[Opening Input section]

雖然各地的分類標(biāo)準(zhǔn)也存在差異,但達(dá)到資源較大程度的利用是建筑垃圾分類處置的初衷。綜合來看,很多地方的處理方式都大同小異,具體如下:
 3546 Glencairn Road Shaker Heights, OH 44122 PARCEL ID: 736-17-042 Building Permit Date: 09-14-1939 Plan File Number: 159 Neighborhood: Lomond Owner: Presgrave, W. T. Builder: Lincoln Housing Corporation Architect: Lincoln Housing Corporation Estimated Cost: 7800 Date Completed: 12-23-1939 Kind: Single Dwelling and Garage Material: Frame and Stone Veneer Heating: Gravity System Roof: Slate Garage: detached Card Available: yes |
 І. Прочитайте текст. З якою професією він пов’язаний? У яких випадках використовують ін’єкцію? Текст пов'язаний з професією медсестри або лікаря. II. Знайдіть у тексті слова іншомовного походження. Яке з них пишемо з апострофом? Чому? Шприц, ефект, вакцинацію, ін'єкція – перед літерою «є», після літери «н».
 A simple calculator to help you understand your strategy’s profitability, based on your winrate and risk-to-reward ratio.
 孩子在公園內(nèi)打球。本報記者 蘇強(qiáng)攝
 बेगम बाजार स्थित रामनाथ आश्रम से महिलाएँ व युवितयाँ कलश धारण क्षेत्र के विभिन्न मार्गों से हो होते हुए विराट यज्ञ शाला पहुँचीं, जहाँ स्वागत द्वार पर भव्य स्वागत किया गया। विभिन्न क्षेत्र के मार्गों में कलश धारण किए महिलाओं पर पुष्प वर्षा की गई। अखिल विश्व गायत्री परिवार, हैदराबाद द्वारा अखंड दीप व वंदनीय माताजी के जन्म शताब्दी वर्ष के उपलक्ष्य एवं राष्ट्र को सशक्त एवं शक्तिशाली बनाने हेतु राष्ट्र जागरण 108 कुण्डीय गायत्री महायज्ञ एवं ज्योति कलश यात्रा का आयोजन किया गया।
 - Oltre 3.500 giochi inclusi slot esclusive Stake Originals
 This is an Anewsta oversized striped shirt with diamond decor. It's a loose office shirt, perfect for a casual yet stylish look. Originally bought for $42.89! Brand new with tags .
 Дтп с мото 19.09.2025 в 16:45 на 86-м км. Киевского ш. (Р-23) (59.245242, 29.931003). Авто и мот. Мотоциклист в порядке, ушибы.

[Closing Input section]

• _Task prompt_:
Give again the closing portion of the entries, from the line with "- Oltre 3.500" through the last line. Keep it exact and add nothing.

• _Expected output_:
 - Oltre 3.500 giochi inclusi slot esclusive Stake Originals
 This is an Anewsta oversized striped shirt with diamond decor. It's a loose office shirt, perfect for a casual yet stylish look. Originally bought for $42.89! Brand new with tags .
 Дтп с мото 19.09.2025 в 16:45 на 86-м км. Киевского ш. (Р-23) (59.245242, 29.931003). Авто и мот. Мотоциклист в порядке, ушибы.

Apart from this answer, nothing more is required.